I don't see a Mats_Run for network but something definitely messed up there.

There is a slim possibility you can try uninstalling the Comodo but I see it leaves things laying around and in the reg.
Someone else update problems with Comodo http://forums.techguy.org/windows-vista/953648-windows-update-failing-comodo-internet.html
I know, it may be nothing more than a switch flipped wrong way but I have never used so don't know I use MSE now

Do you have recovery partition or images and know how to use them?


----------



## Samsung (Nov 14, 2002)

check this also
open a cmd prompt
control.exe /name Microsoft.InternetOptions
Click the Connections tab, and then click LAN Settings
Under Automatic configuration, select the Automatically detect settings check box, and then click OK.
reboot and see if that fixes?


----------



## JamesFrance (Jun 3, 2007)

Hi Samsung,

Thanks very much for your help. I do test a lot of beta programs for Comodo and had trouble with their Time Machine, which I would not install on a 64bit machine again. It is also possible that a version of their System Cleaner did something wrong, although I did not notice anything missing then. On my other computers the Time Machine allows me to go back to any time I want but I cannot use it on this one so I have restored this system from the recovery partition now as I think there were other problems too.

I use Firefox and Thunderbird and restored my profiles using Mozbackup so I am up and running again with a nice new system.
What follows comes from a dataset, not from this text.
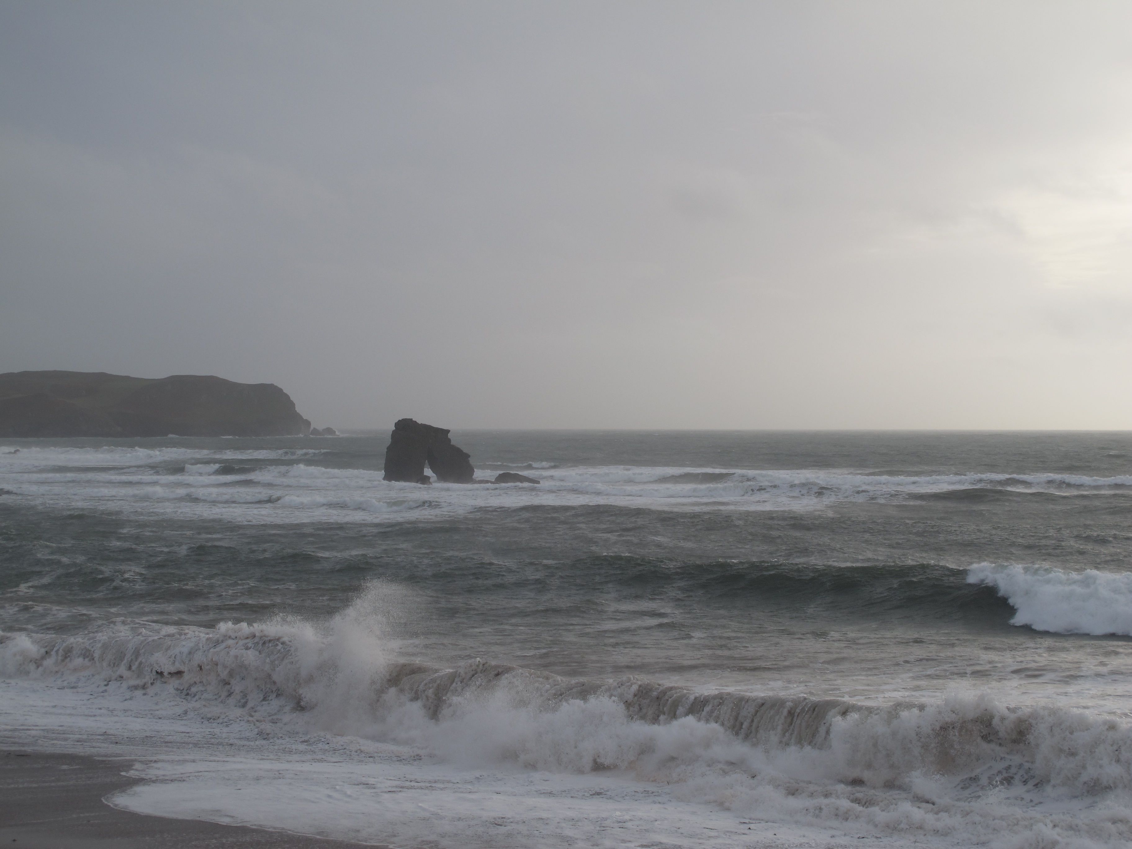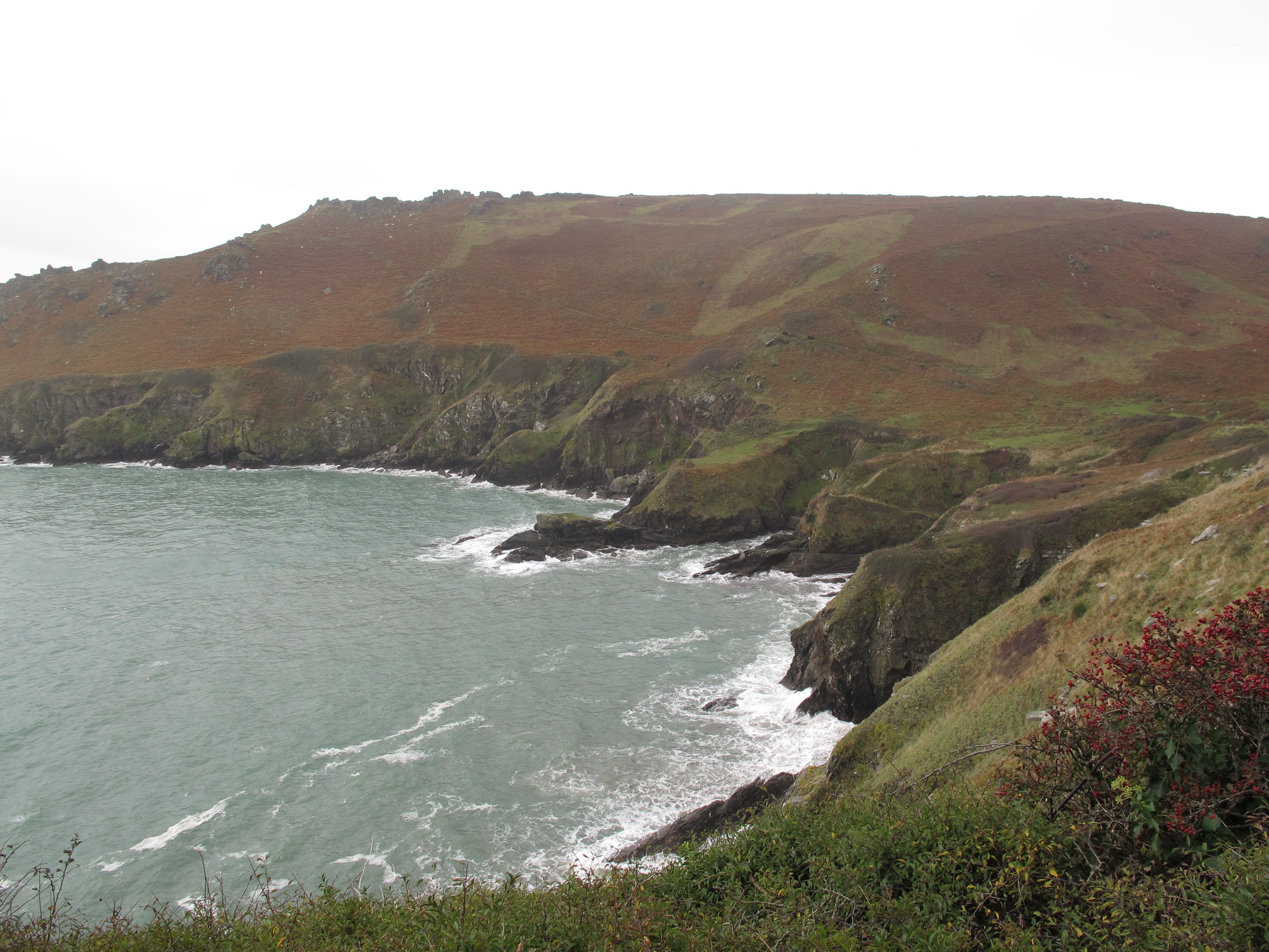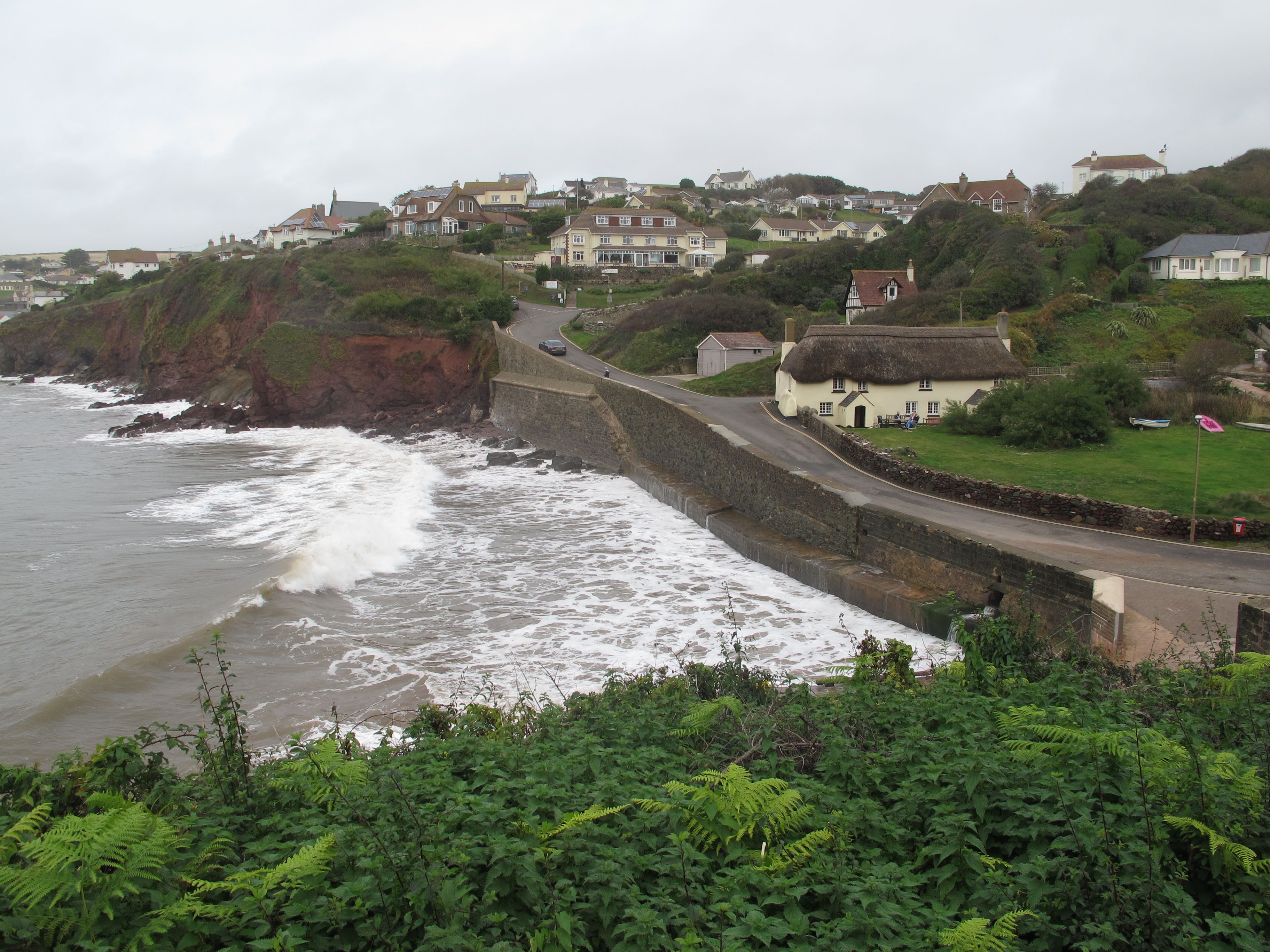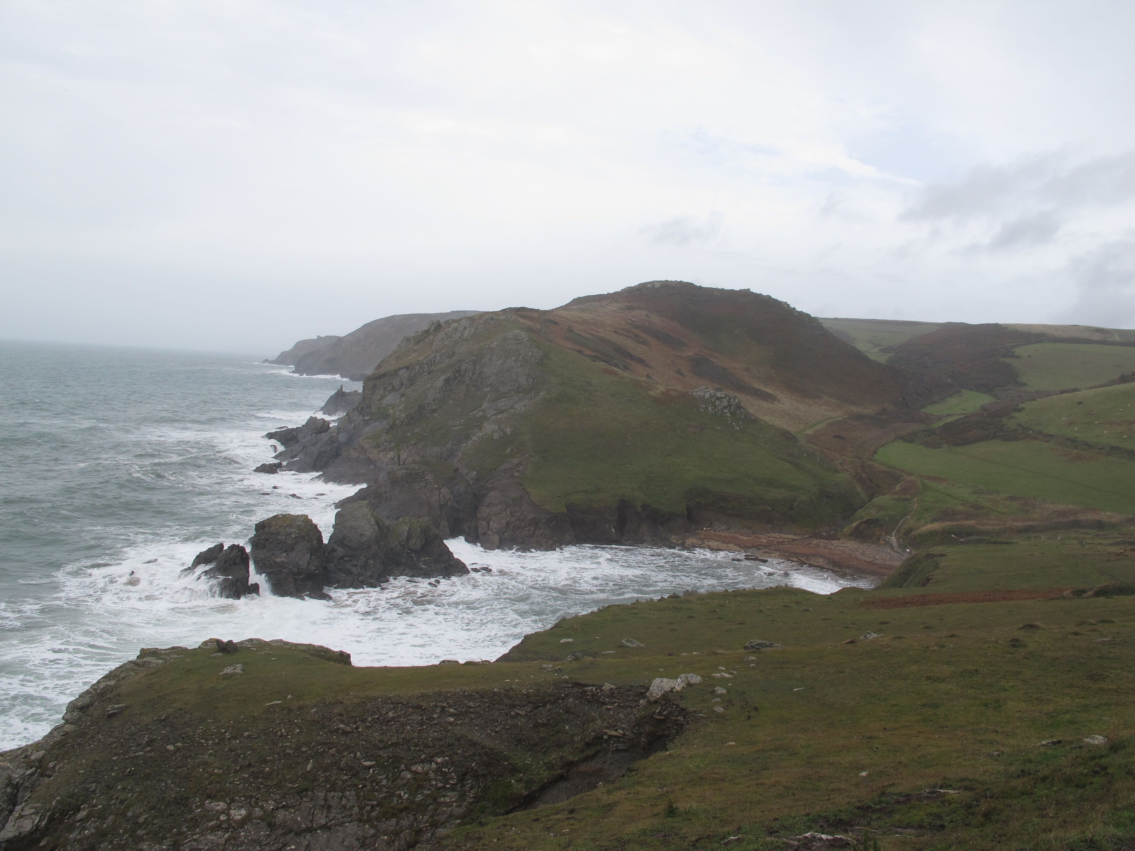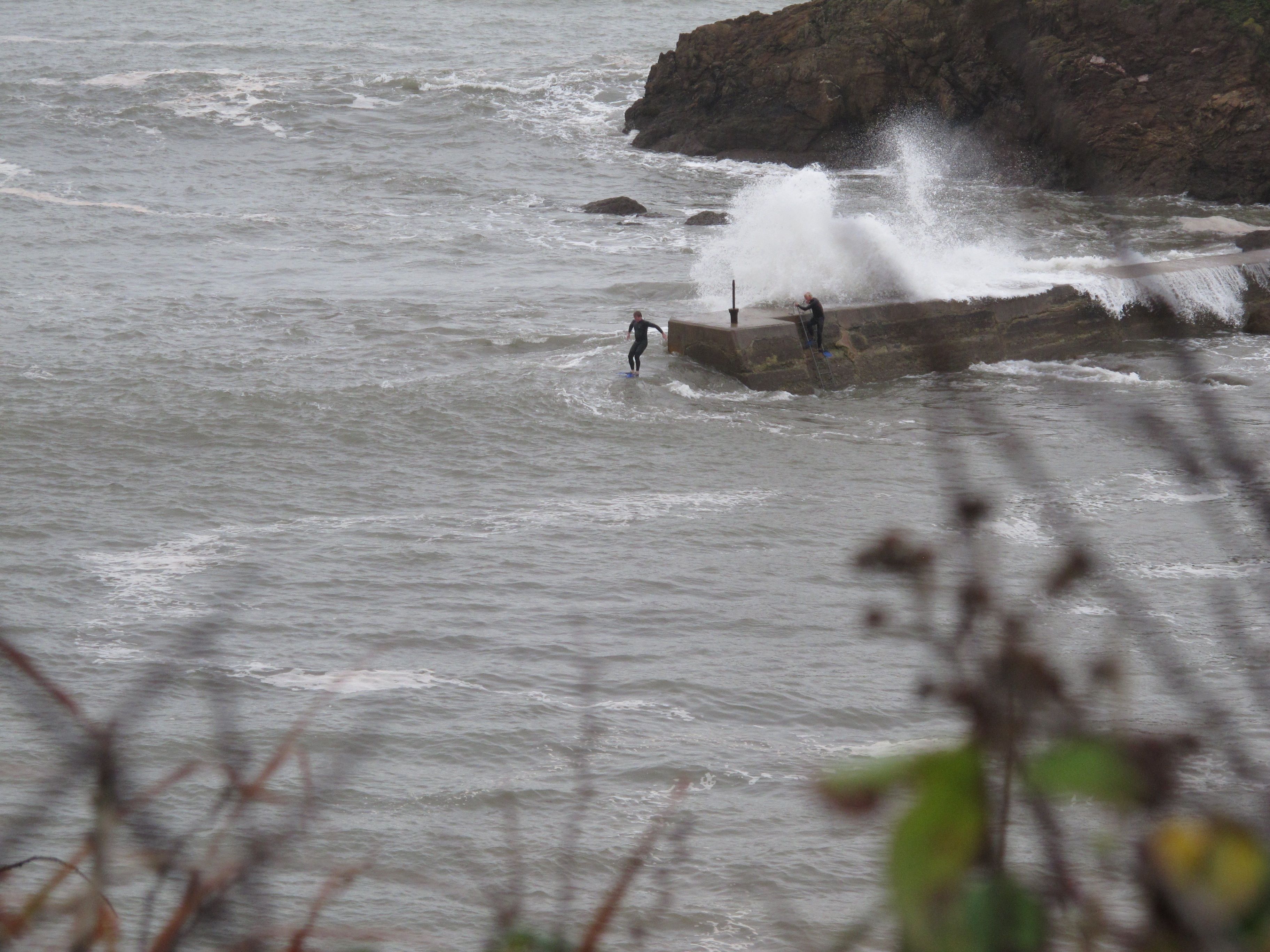 Walking over the bridge we stop to watch some surfers and then further on, in Outer Hope, some people in wetsuits standing right at the very end of a long breakwater. As we watch, massive waves crash up and over the wall – these matchstick men look extremely vulnerable but I guess they know what they’re doing.

Decrapifier got rid of McAfee etc. and I regularly reinstall Comodo CIS, so no problems there.

Windows update is now working again, so this was probably the best solution.

Thanks again,


----------



## Samsung (Nov 14, 2002)

Glad you got it going.
Sometimes that is best to have a recovery solution ahead of time. Any PC I work on here I make something even if it is only Macrium reflect

You can use the System Image right now to create a backup to another drive since you've cleaned the junk. type sdclt in the Start Search box. I have used this and it works on 64 bit. Best part of that is you can reach that recovery image from F8 when it is booting. The images are larger than my normal backup solution Acronis Home.


----------